Again, since the ratio of pressure drop governs when the valve can control, the valve must create a significant pressure relative to the system to have an impact. A more drastic beginning reduction in Cv across the valve can help approach that control point sooner.
While the globe valve and ball valve example from Figure 1 begins at essentially negligible pressure drops, a larger initial pressure drop through a component would also help to control sooner. This explains why high-pressure drop globe valves, combined with their linear inherent characteristic curves, are used for control systems. Large initial pressure drops through the valve relative to the system will control earlier in a closure as well.
In a similar fashion, changing valve size can drastically change the control characteristics as well. For example, an 8-inch ball valve will have a much larger pressure drop than a full-bore 12-inch ball valve. This is an example of understanding a valve’s inherent characteristics impacting its installed characteristics.
Note the severity of this shift from inherent to installed is highly dependent on the system itself. It is generally desired to achieve a linear installed characteristic to mitigate surge pressure effects. A linear installed characteristic means any change in valve percentage results in a proportional change in flow rate.
Pump-System interaction during a closure event
The steepness of both the pump and system curves is also important to consider during a valve closure. Below in Figure 3 are steep and flat pump curves for different percentages of a valve closure. The intersection of the curves indicates the operating flow rate as the valve closes.
Figure 3: Comparison between potential system and pump curves for a valve closure.
As the valve closes, the system curve inherently changes, approaching a vertical line at zero flow once the valve is closed. For a flat pump curve, there are large reductions in flow rate for very small changes in system losses. This means the valve begins controlling flow much earlier in the closure, enabling improved water hammer mitigation.
By comparison, a steep pump curve requires a much greater change in the system losses to reduce flow. In Figure 3, it is evident that there is nearly negligible change in flow rate from 100% to 25% open. This means that first 75% of the closure barely contributes to controlling the flow.
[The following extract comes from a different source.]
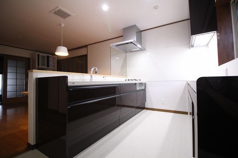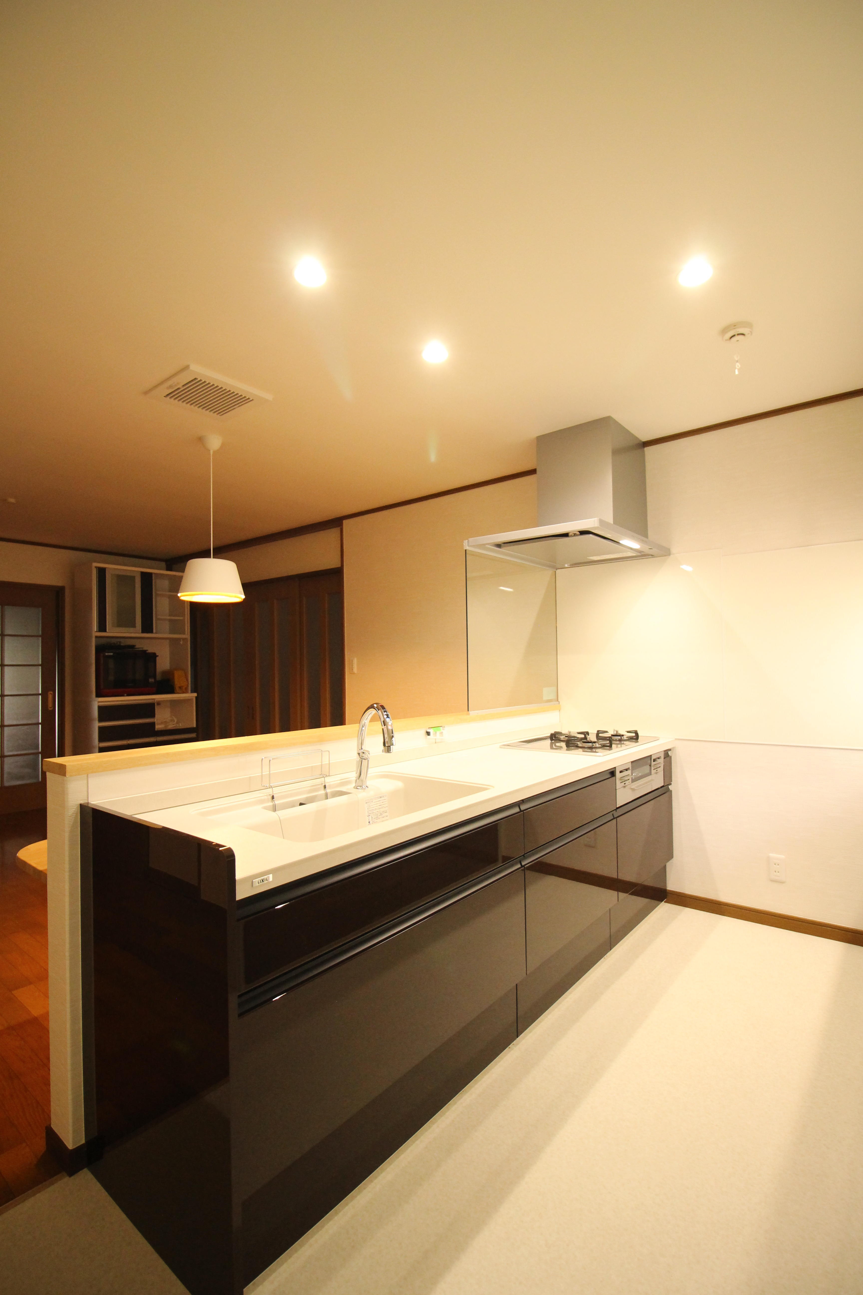 キッチンを改装リフォーム! 床の一部を残し、キッチン床・壁・天井を貼り替え、明るく清潔感のある空間になりました。 キッチンはLIXILのリシェル。見た目の美しさだけではなく、天板が丈夫なセラミックで出来ているので、キズつきにくく熱にも強いので、傷みを気にすることなくお料理が出来ます。

From 25% to 0%, the valve must also cause a much more significant pressure drop across it to reduce the flow, indicating significant potential for pressure surge.
A transient analysis for these two different pump curves, all else constant, reveals the pressure patterns found in Figure 4. The head rise from the steep pump causes a much greater peak pressure than is found in the shallow pump curve case.
Figure 4: Resulting pressure surges caused by the steepness of pump curve.
The steepness of the system curve can similarly influence the rate at which a valve controls. If the system has significant frictional losses, its system curve will be very steep.
A very steep system curve acts like a very steep pump curve in that a closing valve would need to drastically add pressure drop to shift the operating point. By comparison, a very flat system curve is more susceptible to the drastic changes of a valve closure to shift the system curve. This ties back to the idea that the ratio of the valve pressure drop and the system pressure drop governs when a valve begins controlling. For flat system curves, there is little system pressure drop, allowing the valve to control flow easier. For steep system curves, the valve must provide very significant pressure drop to control, likely in the last few percent of its closure.